Template-Based Synthesis of Porous and Wrinkled Pt-Supported MXene for Enhanced Bifunctional Electrocatalysis - ORR and HER

Abstract

This study proposes a novel strategy to develop a platinum-supported, highly porous Mxene (Pt/PMx) catalyst via a “template-based transformation” approach and evaluates its bifunctional electrocatalytic properties for oxygen reduction (ORR) and hydrogen evolution reactions (HER). The strategy introduces defects into the nitrogen Mxene sheets, enhancing their surface area and porosity. The synthesized PMx effectively mitigates the restacking of Mxene sheets and facilitates the uniform dispersion of ultrasmall platinum nanoparticles across the surface. The Pt/PMx catalyst exhibits excellent ORR activity, achieving an onset potential of Eon = 0.93 V (Eon for Pt/C = 0.94 V) in an acidic medium and Eon = 0.94 V (Eon for Pt/C = 0.92 V) in an alkaline medium, along with superior chronoamperometric stability with 40,000 sec.
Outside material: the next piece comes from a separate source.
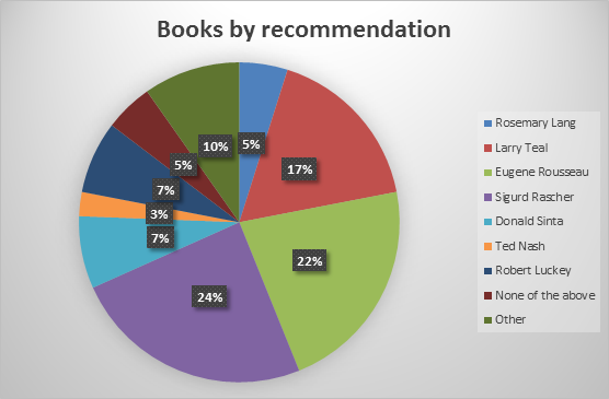 The books by Rousseau and Rascher were recommended most often which was unsurprising as their names are the most well-known on the list. These books are also the oldest of the seven and as the first people to widely spread the use of the register they are considered by some people to be the first point of call.
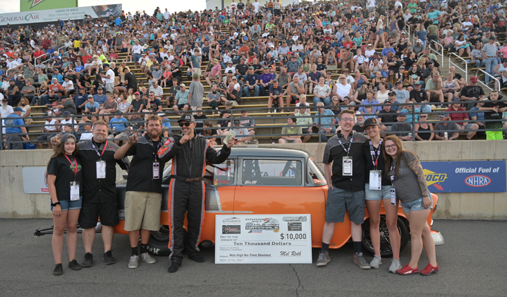 Shawn Fink, a veteran of popular “Drag and Drive” events such as Hot Rod Magazine’s Drag Week and Rocky Mountain Race Week, added another title to his resumé when he wheeled his vintage ’55 Chevy to a win in the Mile-High No Time Shootout, a special event held during Friday qualifying at the Dodge//SRT NHRA Mile-High Nationals at Bandimere Speedway. The No Time Shootout brought together eight of the quickest street cars in the Midwestern U.S. for a heads-up battle on the eighth-mile course.

Comprehensive evaluations of intrinsic parameters, including active surface area, mass activity, CO poisoning tolerance, and durability via accelerated degradation tests, confirms the robustness of the electrocatalyst support. The significant interaction between Pt nanoparticles and the support enhances H+ adsorption and charge transport thereafter HER activity, attributed to the improved porosity and conductivity of the support. The strong interaction between Pt and PMx was found to be the key for excellent stability towards ORR (20,000 potential cycles) and HER (~40 hr). This synthesis strategy provides a unique and novel pathway for designing highly porous, conductive, and hydrophilic Pt-based catalyst supports for improved ORR and HER performance.